Accuracy, precision, recall, and F1-score are metrics used to assess automatic classifiers. These metrics are calculated from a confusion matrix. Say we have spam filter which tells whether a mail is spam or not. With a test dataset of 100 spam emails and 900 non-spam, we get the following results.
Actual class: Spam | Actual class: Non-spam | |
---|---|---|
Prediction class: Spam | 85 | 100 |
Prediction class: Non-spam | 15 | 800 |
This confusion matrix shows the confusions the system makes in its predictions. But what if we could summarize this matrix in one number? A number that would tell us if the system is any good?
How "accurate" are our system's predictions
Let's say our system actually finished its graduation exam, and it is now time to grade it. We can count how many good answers the system gave. That is \(85 + 10 = 95\) good answers. Then we give the system a grade which is its number of good answers, over the number of questions. Sounds like what would be done in a common exam, right? Well this is the metric called accuracy in machine learning. \[ \text{Accuracy} = \frac{\text{\# of good predictions}}{\text{\# of samples}} \] In the above example with the spam filter, \(\text{Accuracy} = \frac{85 + 800}{85 + 100 + 15 + 800} = 0.885\).
Accuracy sums all answers disregarding their respective classes, this would be ok if our classes were balanced, that is if they contained a roughly equal amount of samples. However, in the case of spam filtering (and this is the case for many other applications, commonly denoted as anomaly detection) the "negative" class (non-spam) is usually a lot more populated than the "positive" one (spam), which is should be viewed as the class of outliers of the distribution of "non-spam" emails. Let's consider the following confusion matrix.
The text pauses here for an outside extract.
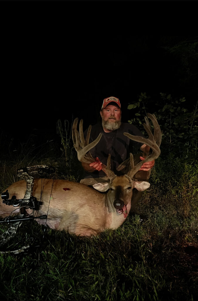 At first, I thought the shot was a little high. But after checking my arrow and seeing the blood trail, I felt better about it. After walking back to my truck to get my light, about 30 minutes passed, and I went straight to tracking and found him about 100 to 120 yards from shot.

Actual class: Spam | Actual class: Non-spam | |
---|---|---|
Prediction class: Spam | 0 | 15 |
Prediction class: Non-spam | 100 | 885 |
Can you see how incredibly useless this system is at predicting spams? Yet accuracy is unchanged, it is still 0.885! Ironically, that shows why accuracy is not a valid metric to assess the accuracy of a system. Precision and recall are more fine-tuned metrics, in that they measure the performance of the system with respect to the "true class", or the "spam class" in our example. Let's look at them.
Precision and recall
We just have to refine the way we grade the exam. Let's consider only one class, the positive one, and look how well our system performs. This is the definition for recall. Recall concentrates the metric on one class only, and measures how well the system predicts it.
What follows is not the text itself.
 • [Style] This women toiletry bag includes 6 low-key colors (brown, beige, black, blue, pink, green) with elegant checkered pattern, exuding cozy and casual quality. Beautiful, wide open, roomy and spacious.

There is a bias when we chose which class to consider as positive. In the case of spam filtering, the system should be able to recognize spams among normal examples, so recall should be the highest for spams. The recall metric does not care how you handle non-spam, as long as you recognize correctly "spams". \[ \text{Recall} = \frac{\text{\# of correctly classified spams}}{\text{\# of spams}} \] Ok. But what if your system thinks everything is a spam?
Actual class: Spam | Actual class: Non-spam | |
---|---|---|
Prediction class: Spam | 100 | 900 |
Prediction class: Non-spam | 0 | 0 |
It gets \(\text{Recall} = 1\), the maximum score! So we also need a metric telling how precise the system is when annotating a mail as "spam". For this we restrict ourselves to the set of mails predicted as "spam" by the system. \[ \text{Precision} = \frac{\text{\# of correctly classified spams}}{\text{\# of mails classified as "spams"}} \] So the system has maximum precision when it selects spams without errors. For the previous example, the precision would be \(\frac{100}{900} = 0.1111\).
We constructed two metrics recall and precision, which are more refined than accuracy, by selecting a "positive" class ("spam") as the target of our classification problem.
F1-score, because one number is better than two
The optimal system for our dataset would have maximum recall and precision scores. By taking the harmonic mean of precision and recall, F1-score is a metric of overall performance, that we can use to grade our system's answers to the exam. \[ \text{F1-score} = 2\cdot \frac{\text{precision}\cdot \text{recall}}{\text{precision}+\text{recall}} \] Harmonic mean is preferred over arithmetic mean for example because it penalizes bad score. If recall is high but precision is low, harmonic mean will be low. This is due to the geometric properties of the harmonic mean.